Floors are subject to the same rapid trend cycle as jeans, indoor plants, headphones or croissants. The internet isn’t helping to slow things down either, as the hottest trend has just seemed elusive, appearing and disappearing so fast that most people can’t keep up.

And in a few years — or sometimes even sooner — people start hating them. For example, hardwood floors—where wooden slats are arranged in a repeating, geometric pattern—were all the rage in New York in the 1960s and 1970s. Today, customers are put off by them, said Keyan Sanai, an agent at Douglas Elliman in New York. “That’s something I have to hide now,” he said.

And although he’s heard complaints about gray floors lately, Sanai said it’s sometimes preferable to clients because it means the apartment has been recently modernized, even if it’s not particularly thoughtfully designed. “When you’re lucky enough to have floors in a New York apartment that aren’t 100 years old, that’s exciting,” he said.
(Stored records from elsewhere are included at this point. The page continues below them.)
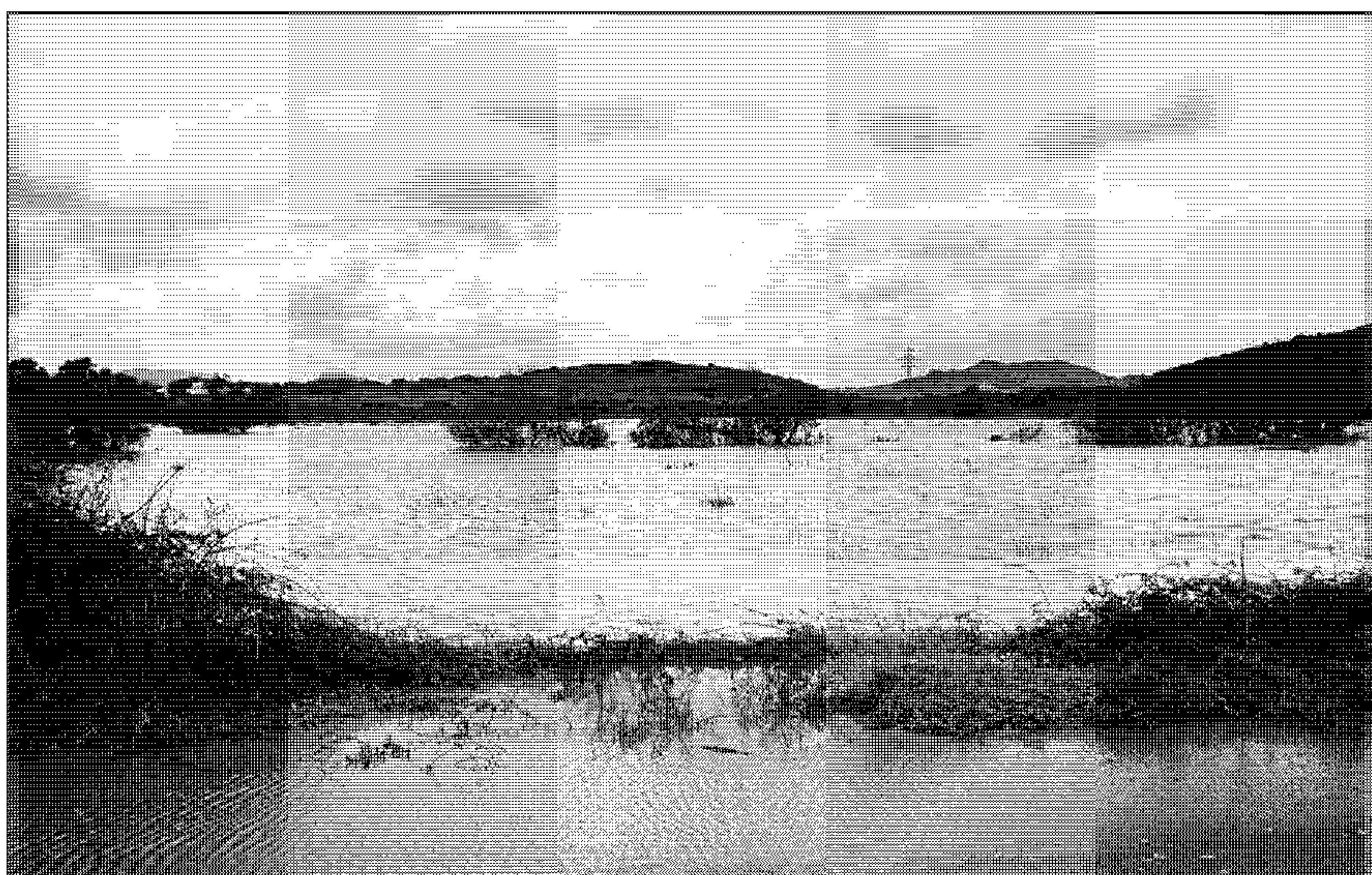
Ses Basses de Luriac, en el término municipal de Es Mercadal, es uno de los acuíferos de Menorca.

Cabe tener presente que el Plan Hidrológico marcará las ac-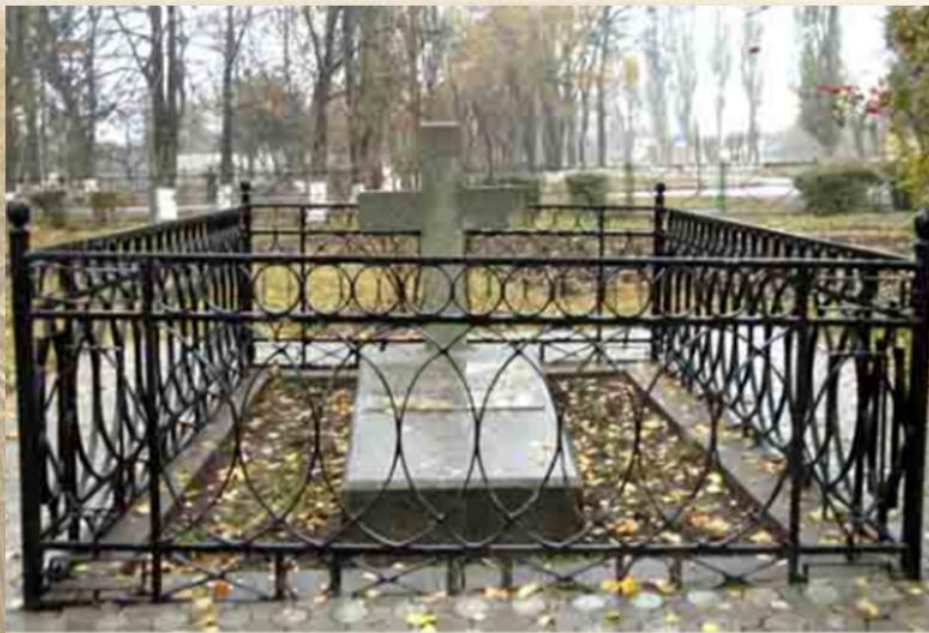
Село Шевченкове. Могила батька Шевченка

В 1825 році помер і батько Тараса. Залишившись сиротою, малий Тарас деякий час жив у дядька Павла, що став опікуном сиріт. Тут йому довелося пасти свині, працювати разом з наймитами. Тарас не витримує і переходить школярем-попихачем до кирилівського дяка, де його життя було напівголодним.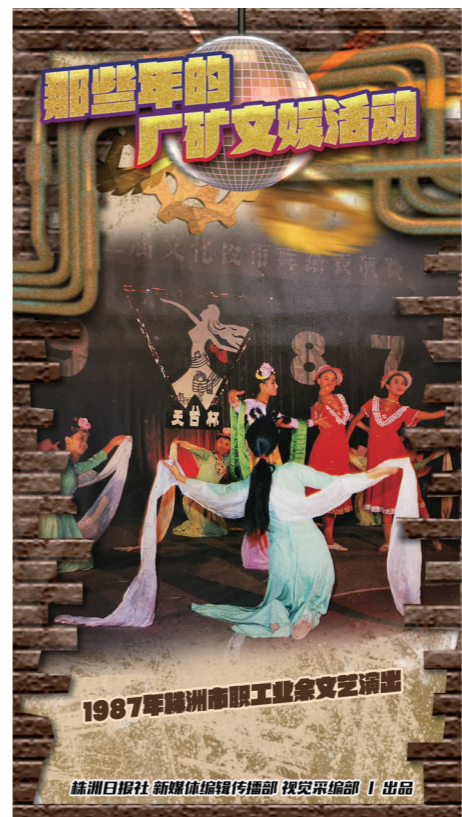
1987年株洲市职工工业文艺汇演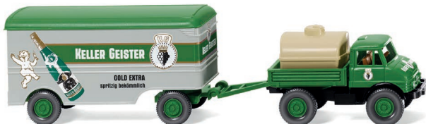
0371 06 Unimog U 406 mit Kofferranhänger UVP 19,99 €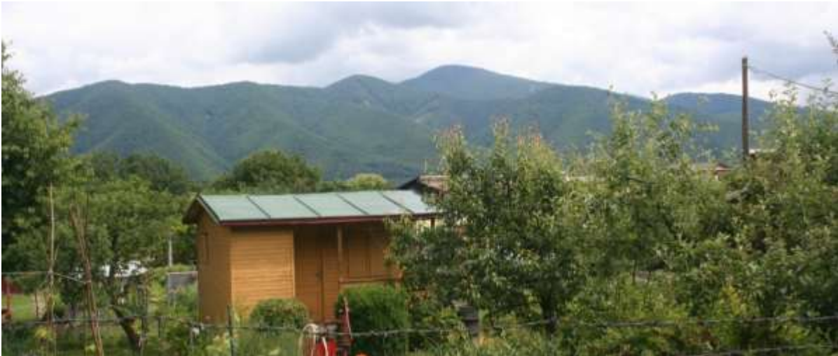
Volkstuinen achter de camping.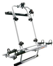
BICI OK MTB VAN2 BLACK - NERO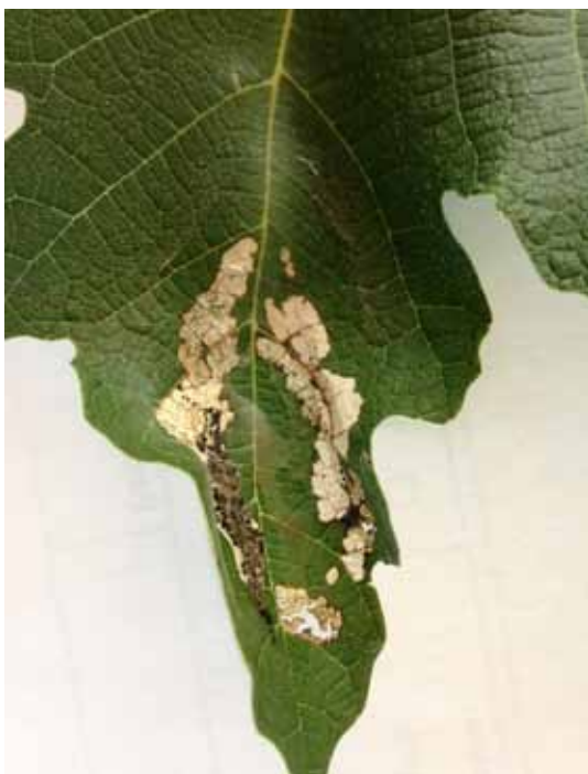
Fraßspuren vom Feigen-Spreizflügelfalter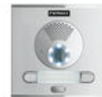
F40008 BOTONEIRA CITY S1 CP201 DUOX PLUS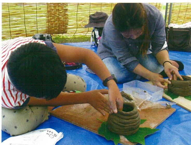
歴史体験イベント：親と子の体験歴史村の一コマ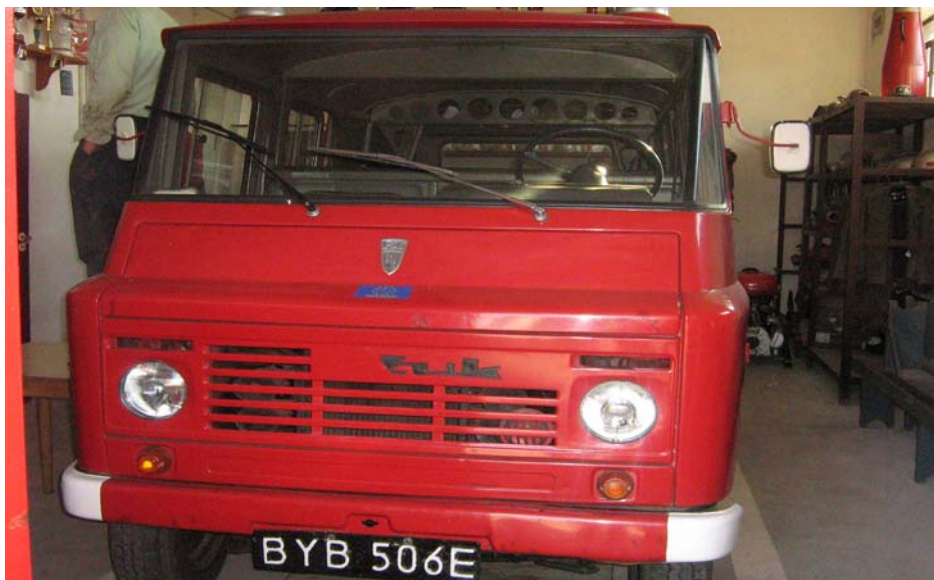
Fot. 18. Samochód OSP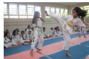
Esporte agrega e socializa

Crianças e jovens carentes atendidos pelo Instituto Cultural e Esportivo Meu Futuro, idealizado e mantido pelo Sindicato, voltam às atividades dia 18.

Claire Lower, a 36-year-old editor at Lifehacker, a lifehacks blog, bought her Portland, Oregon home in 2020, which featured gray floors. However, she called the floors “soulless” and “corporate neutral.” found that they were at least easy to clean. “They are functional. There is nothing wrong with them, so renewal is not a priority,” she said.

Still, Beagley is in love with her gray floors. “When I discovered gray floors, I was ecstatic,” she said.